Now few more notes regarding the tunnels configuration, first all tunnel interfaces are using 1476 bytes as the correct MTU value (1500-24 (GRE+IP)), then I have configured keepalive for tunnel failure detection, I also changed OSPF hello and dead-interval values for fast re-convergence.

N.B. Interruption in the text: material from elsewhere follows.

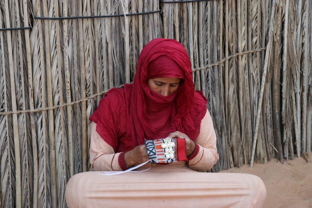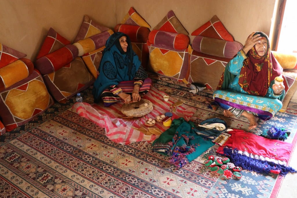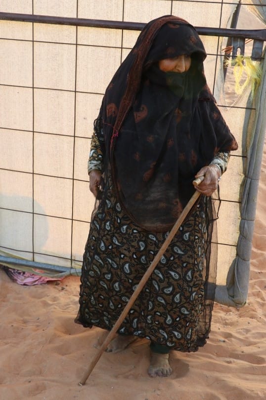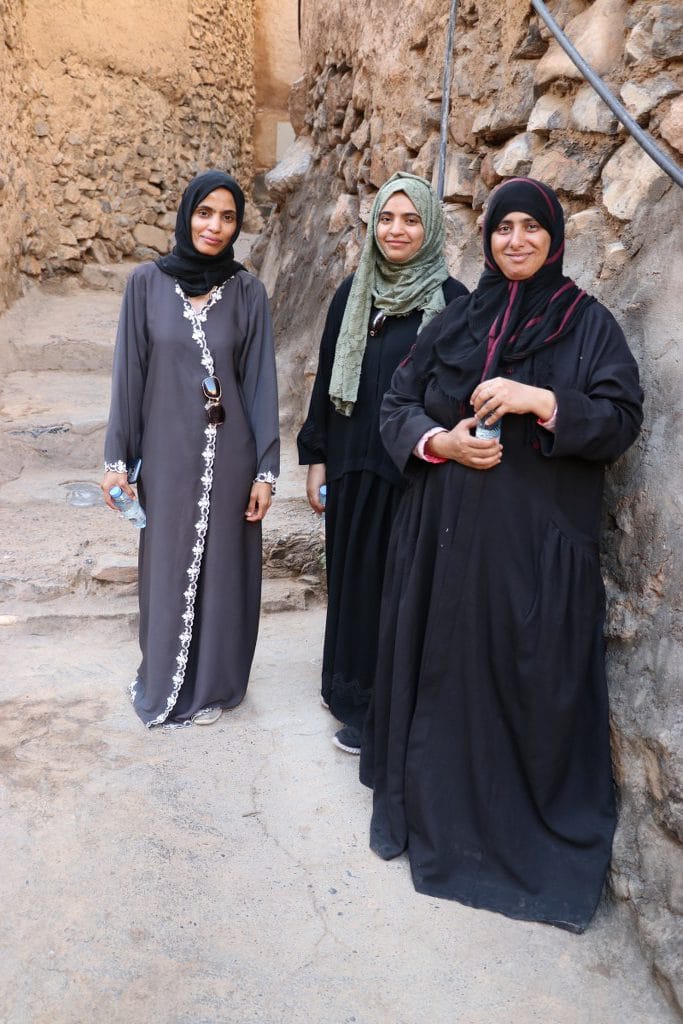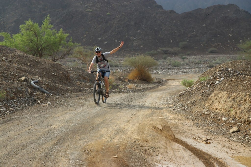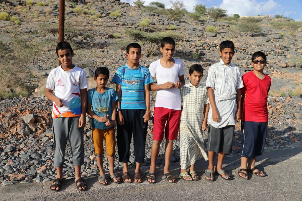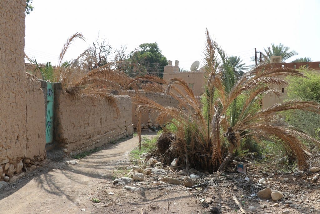 man die toevallig voorbij komt, op zijn fiets, wordt door een van dames aangehouden zien we op een afstand. Zij willen ook een stukje fietsen, kennelijk toch iets wat voor ons heel normaal is maar hier zeer zeker niet. Fietsen zit niet in het Oman DNA. Ze vindt het hoedje van Jolanda helemaal geweldig en vraagt of ze dat een keer op mag, voor foto op haar mobiel. Dat mag, uiteraard knippen wij ook.

Now let’s configure the routing protocol - OSPF is configured on the tunnel interfaces using point-to-multipoint network mode, R5 advertise network 192.168.51.0/24 while R3 advertise network 192.168.31.0/24, this is the OSPF configuration:

R1:

router ospf 1  router-id 1.1.1.1  network 10.1.123.1 0.0.0.0 area 0  network 172.16.0.1 0.0.0.0 area 0

R2:

router ospf 1  router-id 2.2.2.2  network 10.1.123.2 0.0.0.0 area 0  network 172.16.0.2 0.0.0.0 area 0

R3:

router ospf 1  router-id 3.3.3.3  network 10.1.123.3 0.0.0.0 area 0  network 192.168.31.1 0.0.0.0 area 0

R5:

router ospf 1  router-id 5.5.5.5  network 192.168.51.1 0.0.0.0 area 0  network 172.16.0.5 0.0.0.0 area 0

R5 establish OSPF adjacency with R1 but not with R2 due to tunnel keepalive which prevents R2 to respond to the keepalive hellos:

R5#show ip ospf neighbor Neighbor ID     Pri   State           Dead Time   Address         Interface 1.1.1.1           0   FULL/  -        00:00:04    172.16.0.1      Tunnel1

R1 establish adjacency with R5 through the tunnel interface and with R2 and R3 through the internal network:

R1#show ip ospf neighbor Neighbor ID     Pri   State           Dead Time   Address         Interface 5.5.5.5           0   FULL/  -        00:00:05    172.16.0.5      Tunnel1 2.2.2.2           1   FULL/DROTHER    00:00:39    10.1.123.2      FastEthernet0/0 192.168.31.1      1   FULL/DR         00:00:39    10.1.123.3      FastEthernet0/0

Now let’s start continues ping from R5 loopback 1 to R3 loopback 1 while disconnecting R1 Fa0/1 in the middle:

R5#ping 192.168.31.1 source lo1 repeat 1000 Type escape sequence to abort. Sending 1000, 100-byte ICMP Echos to 192.168.31.1, timeout is 2 seconds: Packet sent with a source address of 192.168.51.1 !!!!!!!!!!!!!!!!!!!!!!!!!!... *Dec  3 12:28:57.311: %OSPF-5-ADJCHG: Process 1, Nbr 1.1.1.1 on Tunnel1 from FULL to DOWN, Neighbor Down: Dead timer expired.. *Dec  3 12:29:00.355: %LINEPROTO-5-UPDOWN: Line protocol on Interface Tunnel1, changed state to down... *Dec  3 12:29:06.371: %LINEPROTO-5-UPDOWN: Line protocol on Interface Tunnel1, changed state to up *Dec  3 12:29:07.143: %OSPF-5-ADJCHG: Process 1, Nbr 2.2.2.2 on Tunnel1 from LOADING to FULL, Loading Done........!!!!!!!!!!!!!!!!!!!!!!!!!!!! !!!!!!!!!!!!!!. Success rate is 80 percent (68/85), round-trip min/avg/max = 88/200/368 ms

As we can see R5 has lost some packets but then re-establish OSPF adjacency with R2 and continue to ping R3 loopback 1. We can fine tune HSRP and OSPF timers to sub-second and to make the switchover much quicker.